Alles Böse gründet in einem Guten, und alles Falsche in …
Alles Böse gründet in einem Guten, und alles Falsche in einem Wahren.
Autor: Thomas von Aquin
Herkunft
Die prägnante Sentenz "Alles Böse gründet in einem Guten, und alles Falsche in einem Wahren" stammt aus dem Werk des Schweizer Philosophen und Schriftstellers Johann Georg Hamann (1730-1788). Sie findet sich in seiner 1786 veröffentlichten Schrift "Golgatha und Scheblimini!". Hamann, ein scharfer Kritiker der rein rationalistischen Aufklärung, verwendete diesen Satz, um seinen tiefgründigen Gedanken zur Natur von Irrtum und Sünde Ausdruck zu verleihen. Für ihn war jede Abweichung, jedes "Böse" oder "Falsche", keine eigenständige, aus dem Nichts entstandene Kraft, sondern stets eine Entartung, ein Abweg oder eine Verkehrung eines ursprünglich positiven und wahren Kerns. Dieser Kontext ist entscheidend für das Verständnis des Zitats.
Bedeutungsanalyse
Hamanns Ausspruch ist eine philosophische Verdichtung, die auf den ersten Blick paradox erscheinen mag. Wörtlich genommen behauptet er, dass es kein absolut eigenständiges Übel oder keinen vollkommen isolierten Irrtum gibt. Stattdessen hat jede negative Erscheinung ihren Ursprung in etwas, das an sich gut oder wahr war. Die übertragene Bedeutung ist tiefgreifend: Sie warnt vor der einfachen Schwarz-Weiß-Malerei. Fanatismus gründet oft in echter Überzeugung, gefährliche Ideologien können aus berechtigten sozialen Missständen erwachsen, und persönliche Fehler entspringen mitunter edlen Motiven, die nur auf falsche Weise verfolgt werden. Ein typisches Missverständnis wäre, das Zitat als Entschuldigung für das Böse zu lesen. Es ist jedoch keine Rechtfertigung, sondern eine Erklärung, die zur differenzierten Ursachenforschung auffordert. Es lenkt den Blick auf den Transformationsprozess, bei dem etwas Gutes korrumpiert wird.
Relevanz heute
Die Aktualität dieses Gedankens ist ungebrochen. In einer Zeit polarisierender Debatten und schneller moralischer Urteile erinnert Hamanns Einsicht an die Komplexität menschlichen Handelns und gesellschaftlicher Konflikte. Die Redewendung ist hochrelevant für die Analyse von politischen Extremismen, bei denen oft echte Sorgen und berechtigte Kritik in zerstörerische Bahnen gelenkt werden. Ebenso findet sie Anwendung in der psychologischen Betrachtung, wo destruktives Verhalten häufig auf unerfüllte grundlegende Bedürfnisse zurückgeführt wird. In Diskussionen über Technologieethik, wo nützliche Erfindungen unvorhergesehene negative Konsequenzen haben können, oder in der Medienschelte, wo das gute Ziel der Information in Sensationsgier umschlagen kann, bietet der Satz ein wertvolles Deutungsmuster. Er zwingt zur Tiefenanalyse, anstatt bei der bloßen Verurteilung stehen zu bleiben.
Praktische Verwendbarkeit
Dieses Zitat eignet sich nicht für lockere Alltagsgespräche, sondern für reflektierte und anspruchsvolle Kontexte. Seine Stärke entfaltet es in Vorträgen, Essays oder analytischen Gesprächen, in denen es um die Hintergründe von Konflikten oder Fehlentwicklungen geht.
Geeignete Anlässe:
- Philosophische oder ethische Diskussionen in Bildungseinrichtungen.
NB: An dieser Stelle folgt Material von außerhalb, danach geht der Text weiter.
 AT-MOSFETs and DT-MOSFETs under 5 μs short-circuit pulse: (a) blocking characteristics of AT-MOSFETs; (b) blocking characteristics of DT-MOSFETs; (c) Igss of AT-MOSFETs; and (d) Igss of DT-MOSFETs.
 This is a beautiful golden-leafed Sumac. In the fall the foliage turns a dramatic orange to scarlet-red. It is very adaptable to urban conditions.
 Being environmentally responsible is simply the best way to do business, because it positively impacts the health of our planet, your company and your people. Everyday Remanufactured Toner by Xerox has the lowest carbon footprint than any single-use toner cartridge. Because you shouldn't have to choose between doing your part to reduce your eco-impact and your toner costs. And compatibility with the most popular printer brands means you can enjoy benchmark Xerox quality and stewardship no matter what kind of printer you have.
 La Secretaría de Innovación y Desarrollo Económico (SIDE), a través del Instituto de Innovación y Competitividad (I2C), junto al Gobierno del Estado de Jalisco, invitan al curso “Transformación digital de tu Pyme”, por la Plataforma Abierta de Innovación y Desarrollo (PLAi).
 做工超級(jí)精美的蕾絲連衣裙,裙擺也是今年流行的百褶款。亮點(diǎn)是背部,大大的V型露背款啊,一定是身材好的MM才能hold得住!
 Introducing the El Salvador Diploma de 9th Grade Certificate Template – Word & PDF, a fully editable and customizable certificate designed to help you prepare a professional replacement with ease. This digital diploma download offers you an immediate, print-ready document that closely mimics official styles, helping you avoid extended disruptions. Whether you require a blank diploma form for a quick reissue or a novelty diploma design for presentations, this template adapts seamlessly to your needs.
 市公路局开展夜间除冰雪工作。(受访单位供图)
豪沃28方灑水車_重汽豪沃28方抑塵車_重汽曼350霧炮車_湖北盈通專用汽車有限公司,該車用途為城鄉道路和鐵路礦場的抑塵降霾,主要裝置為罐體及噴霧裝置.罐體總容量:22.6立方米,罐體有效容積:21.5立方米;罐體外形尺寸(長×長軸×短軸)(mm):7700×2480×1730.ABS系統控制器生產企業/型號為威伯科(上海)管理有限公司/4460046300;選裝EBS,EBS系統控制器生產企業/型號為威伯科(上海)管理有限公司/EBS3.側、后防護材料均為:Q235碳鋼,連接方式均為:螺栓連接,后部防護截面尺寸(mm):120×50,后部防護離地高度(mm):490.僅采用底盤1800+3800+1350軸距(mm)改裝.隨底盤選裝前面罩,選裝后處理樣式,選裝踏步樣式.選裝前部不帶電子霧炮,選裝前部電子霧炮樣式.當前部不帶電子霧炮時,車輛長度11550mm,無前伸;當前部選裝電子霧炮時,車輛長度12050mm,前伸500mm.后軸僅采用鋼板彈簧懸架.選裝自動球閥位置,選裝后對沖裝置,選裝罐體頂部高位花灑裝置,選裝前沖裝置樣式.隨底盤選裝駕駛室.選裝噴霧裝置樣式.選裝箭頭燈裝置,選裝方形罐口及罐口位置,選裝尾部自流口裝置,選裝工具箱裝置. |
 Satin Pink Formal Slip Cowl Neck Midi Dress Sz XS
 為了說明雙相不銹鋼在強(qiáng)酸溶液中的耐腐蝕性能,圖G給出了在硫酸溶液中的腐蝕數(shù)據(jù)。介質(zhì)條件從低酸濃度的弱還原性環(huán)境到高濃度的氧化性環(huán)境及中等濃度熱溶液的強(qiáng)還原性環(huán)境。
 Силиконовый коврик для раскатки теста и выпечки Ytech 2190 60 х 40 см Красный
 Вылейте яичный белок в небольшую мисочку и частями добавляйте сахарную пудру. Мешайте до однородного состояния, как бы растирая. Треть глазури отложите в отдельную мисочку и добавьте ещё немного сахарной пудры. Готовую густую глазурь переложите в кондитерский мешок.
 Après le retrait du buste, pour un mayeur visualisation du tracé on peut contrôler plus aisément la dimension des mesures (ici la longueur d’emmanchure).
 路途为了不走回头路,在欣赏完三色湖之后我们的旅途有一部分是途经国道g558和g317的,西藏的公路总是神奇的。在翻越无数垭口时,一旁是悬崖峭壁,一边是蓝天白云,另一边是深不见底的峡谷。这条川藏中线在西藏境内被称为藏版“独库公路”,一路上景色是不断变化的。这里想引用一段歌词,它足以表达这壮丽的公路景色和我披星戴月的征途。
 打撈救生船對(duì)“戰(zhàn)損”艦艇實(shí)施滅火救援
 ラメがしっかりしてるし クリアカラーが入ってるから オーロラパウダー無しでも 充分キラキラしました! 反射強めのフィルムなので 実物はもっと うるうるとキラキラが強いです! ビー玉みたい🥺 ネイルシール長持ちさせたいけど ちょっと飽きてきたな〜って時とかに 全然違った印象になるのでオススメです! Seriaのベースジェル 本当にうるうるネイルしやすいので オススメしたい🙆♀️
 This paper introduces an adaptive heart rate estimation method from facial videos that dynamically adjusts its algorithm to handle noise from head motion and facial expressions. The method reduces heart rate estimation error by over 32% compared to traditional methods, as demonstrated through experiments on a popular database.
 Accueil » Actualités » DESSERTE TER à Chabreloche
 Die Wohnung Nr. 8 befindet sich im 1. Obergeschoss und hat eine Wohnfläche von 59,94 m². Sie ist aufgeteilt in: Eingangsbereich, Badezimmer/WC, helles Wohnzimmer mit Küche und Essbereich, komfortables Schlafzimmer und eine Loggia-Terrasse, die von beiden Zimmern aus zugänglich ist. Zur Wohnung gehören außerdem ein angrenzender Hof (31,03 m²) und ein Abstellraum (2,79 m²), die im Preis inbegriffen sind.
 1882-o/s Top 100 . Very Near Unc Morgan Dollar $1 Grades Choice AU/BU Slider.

- Einleitungen oder Schlussbetrachtungen in Reden zu gesellschaftlichen Themen.
- Analysen in Fachartikeln zu Politik, Psychologie oder Kulturwissenschaft.
- In einer Trauerrede kann es, mit Feingefühl eingesetzt, helfen, das Facettenreiche einer Person oder einer tragischen Situation zu würdigen.
Beispiele für gelungene Sätze:
"Bevor wir diese Bewegung pauschal verurteilen, sollten wir Hamanns Gedanken bedenken: Alles Böse gründet in einem Guten. Welches legitime Anliegen wurde hier vielleicht pervertiert?"
"In der Debatte um soziale Medien zeigt sich oft die Wahrheit von Hamanns Diktum. Das gute Ziel, Menschen zu verbinden, kann in toxische Filterblasen und Hass umschlagen."
Seien Sie vorsichtig, das Zitat nicht in hitzigen Auseinandersetzungen zu verwenden, wo es als Relativierung missverstanden werden könnte. Seine Kraft liegt in der besonnenen Reflexion, nicht in der polemischen Argumentation.